When cutting the bottom of the stud, I'm not clear how to replace. Would I cut one piece to wedge beneath the cut (comparable to the piece I cut out), then two additional pieces fastened to both sides for support?

When replacing the sill plates, do I need to reattach them to the concrete floor with something like a ramset? Or will I likely be fine without doing that given these are small, standalone closet walls?


----------



## tekmonkey (Dec 15, 2015)

nealtw said:


> It could be as simple as wood sitting directly on concrete, there is moisture that will wick up from below.

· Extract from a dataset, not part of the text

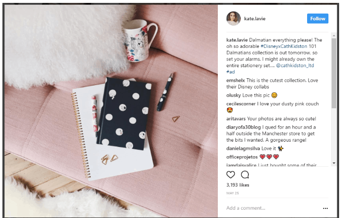 Có một vài cách khác nhau để bạn có thể hợp tác với người có sức ảnh hưởng. Bạn có thể thực hiện một chương trình khuyến mãi duy nhất chỉ kéo dài trong một khoảng thời gian ngắn. Điều này khá phổ biến đối với các buổi ra mắt sản phẩm, sự kiện hoặc chỉ đơn giản là quảng cáo Instagram nói chung. Dưới đây là ví dụ về bài đăng được tài trợ duy nhất mà Cath Kidston đã thực hiện với người có sức ảnh hưởng trên Instagram Kate La Vie, người tự hào có hơn 200.000 người theo dõi:

Agreed. Just odd as I've got a lot of other studs in the basement sitting directly on concrete which are not rotted (or perhaps only minimally and not very visibly). The back piece I showed in the photos is extremely rotted.


----------



## nealtw (Dec 15, 2015)

tekmonkey said:


> Thanks, I was intending to open up the drywall a bit higher to replace.
> 
> When cutting the bottom of the stud, I'm not clear how to replace. Would I cut one piece to wedge beneath the cut (comparable to the piece I cut out), then two additional pieces fastened to both sides for support?
> 
> When replacing the sill plates, do I need to reattach them to the concrete floor with something like a ramset? Or will I likely be fine without doing that given these are small, standalone closet walls?

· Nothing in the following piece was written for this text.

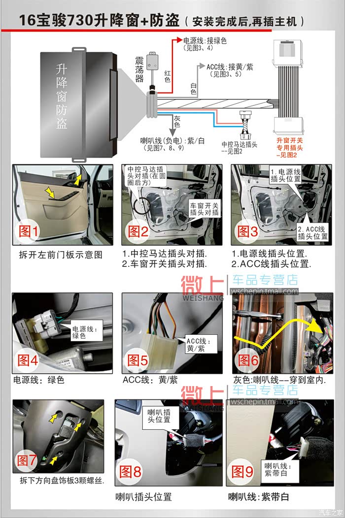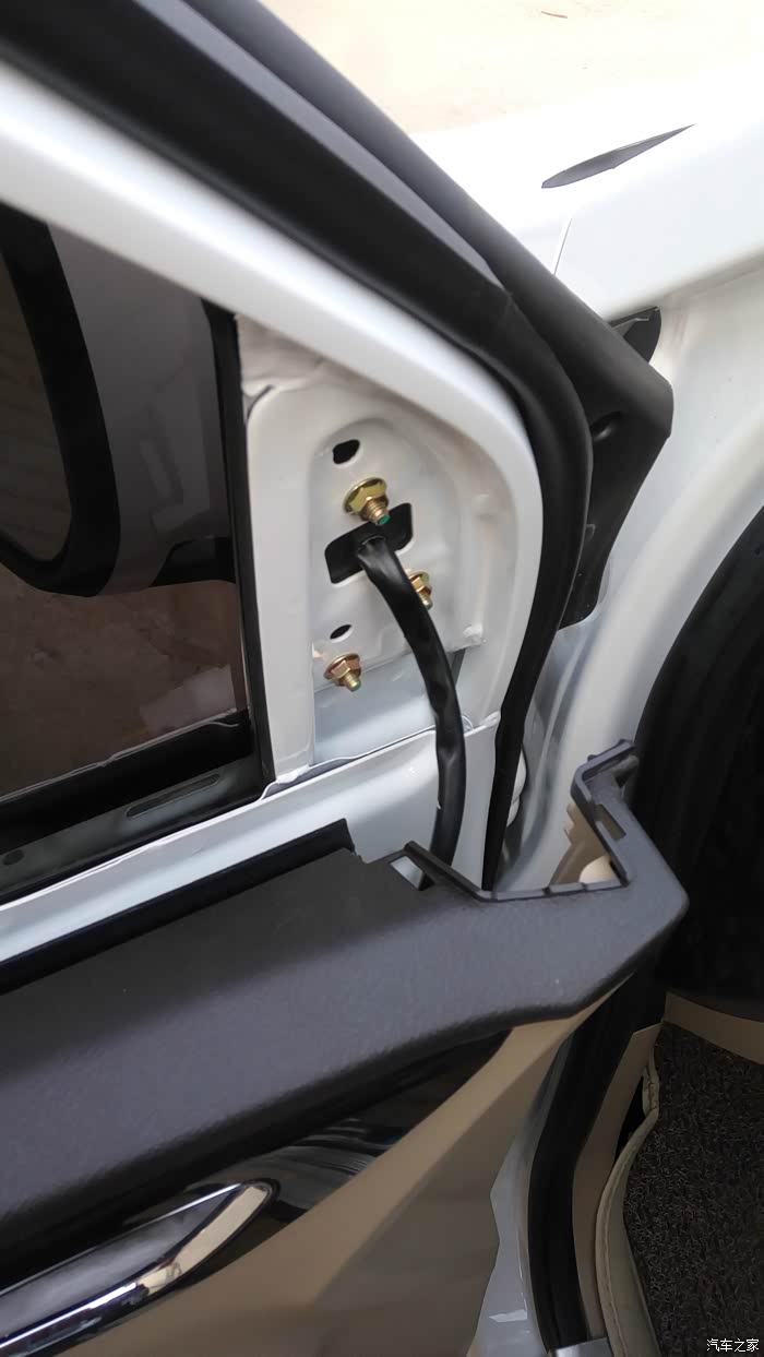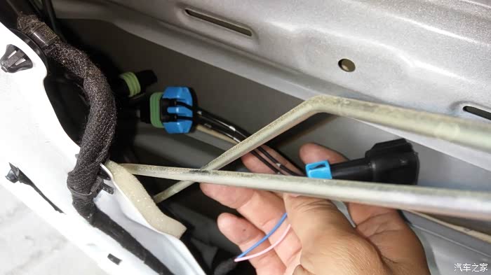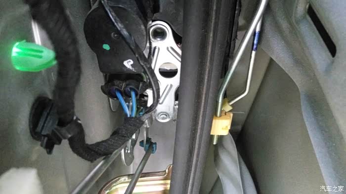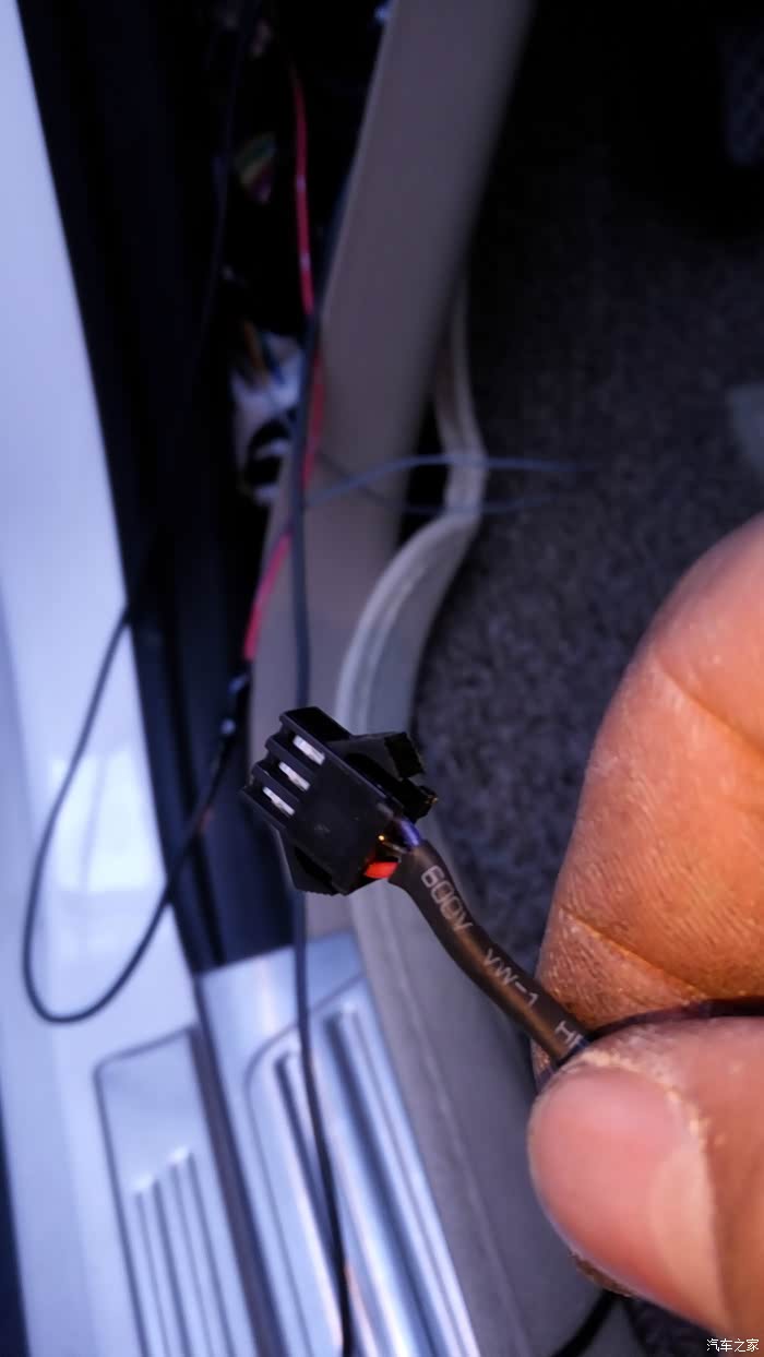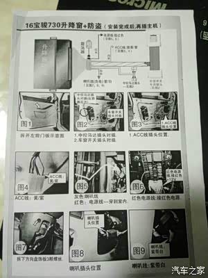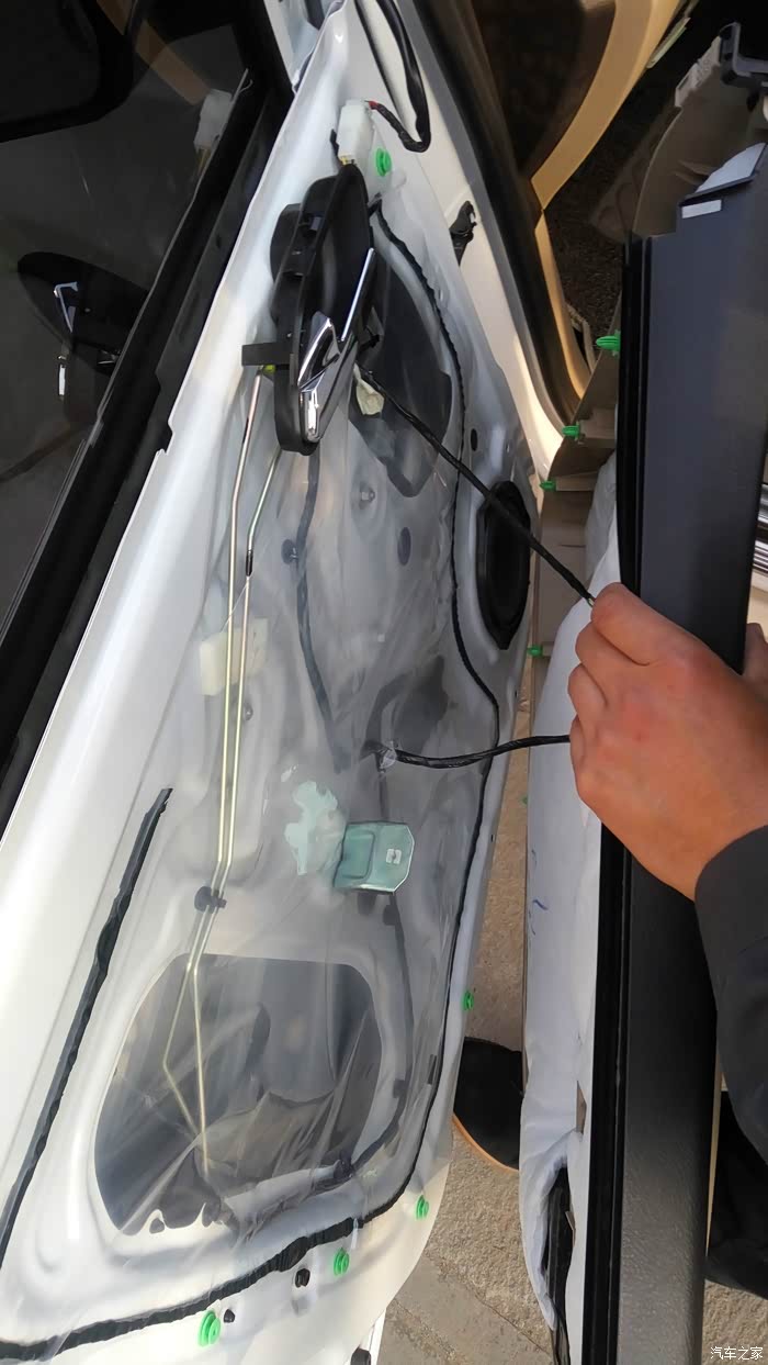 虎了吧唧的把线穿进去接好全部都装好非常完美的一次安装。可是试机不行,把我郁闷坏了,然后又拆开仔细的检查,都没问题。最后从卖家那里才知道16款电源线取电不用穿室内,用门里的绿线取电就可以。

If you overlap the old stud with a block by about 12 inches and screw them together, non bearing wall is fine although you could replace the missing peice if you want and you have to replace that peice in the corners. If one wall might be bearing, for sure fit the block under the old stud.
A couple 2 " concrete nails will work fine, they only have to stab the concrete a little, just a poke will stop things from moving.


----------



## nealtw (Dec 15, 2015)

tekmonkey said:


> Agreed. Just odd as I've got a lot of other studs in the basement sitting directly on concrete which are not rotted (or perhaps only minimally and not very visibly). The back piece I showed in the photos is extremely rotted.

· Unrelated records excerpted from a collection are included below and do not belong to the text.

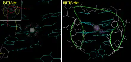 In addition to protein-selectivity, TBA also shows ion preference. A potassium ion helps TBA fold into a G-quadruplex structure, which results in a significant positive band at 295 nm and a negative band at 270 nm on its circular dichroism (CD) spectrum. Also, potassium ion improves the thermal stability of TBA.[8] The melting temperature of TBA's G-quadruplex (measuring the intensity change of the peak at 295 nm by CD) in the presence of sodium ion and potassium are 24 °C and 53 °C, respectively.[7] Compared with sodium, potassium ion fits perfectly to the cavity between two G-tetrad plane and is coordinately bound to four O6 atoms in each plane. This enhances the structural stability of TBA. In contrast, due to its small size, sodium ion can only interacts with four rather than eight oxygen atoms of two G-tetrad planes, and accordingly has two alternative position in the cavity. Thrombin shows similar influence as potassium ion. In the ion-deficient condition, thrombin helps TBA form into a stable G-quadruplex structure from a randomized coil, which results in conformational change.[8] Some groups use this property to develop aptamer-based thrombin sensors. For this purpose, TBA is usually mounted with an additional sequence with a FRET (Förster resonance energy transfer) pair to form a transient duplex structure. Once the TBA part interacts with thrombin, the conformational change would change the distance between the FRET pair and lead to a fluorescent output. This approach provides nano-molar sensitivity and is capable of sensing thrombin in the spiked serum.[9]
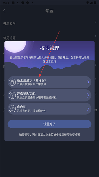 3、彈出權(quán)限管理窗口,在該窗口中找到最上層顯示(懸浮窗)選項。
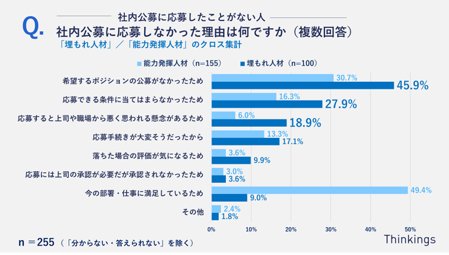 ・「埋もれ人材」はそれ以外のほとんどの項目で多く、最も回答が多いのは「希望するポジションの公募がなかったため」の45.9%。2番目は「応募できる条件に当てはまらなかったため」の27.9%。3番目は「社内公募に応募すると上司や職場から悪く思われる懸念があるため」の18.9%です。

Could be accelerated by the leak, once started just moisture in the basement will feed rot and mold.
Check your landscaping, make sure it slopes away from the house, devert downspout water away from house.
If you have rot around the perimeter wall, you may have a waterproof and drainage problem.
That's the kind of thing you want to find before you finish that mancave.


----------



## joecaption (Dec 16, 2015)

No way would I be just removing only 12" of drywall!
Need to be removing 24" for several reasons.
That would give you enough room to see how bad the rot is.
Give you enough room to attach the needed minimum 24" long splice.
Far more likely there's some water issues coming in from the outside caused from foundation never being waterproofed and no drain tiles before back filling, no gutters, mulch or flower beds forming ponds, not enough slope in grade. 
Before those walls went in there should have been 2" foam attached to the foundation.
Bottom plate should have been pressure treated.


----------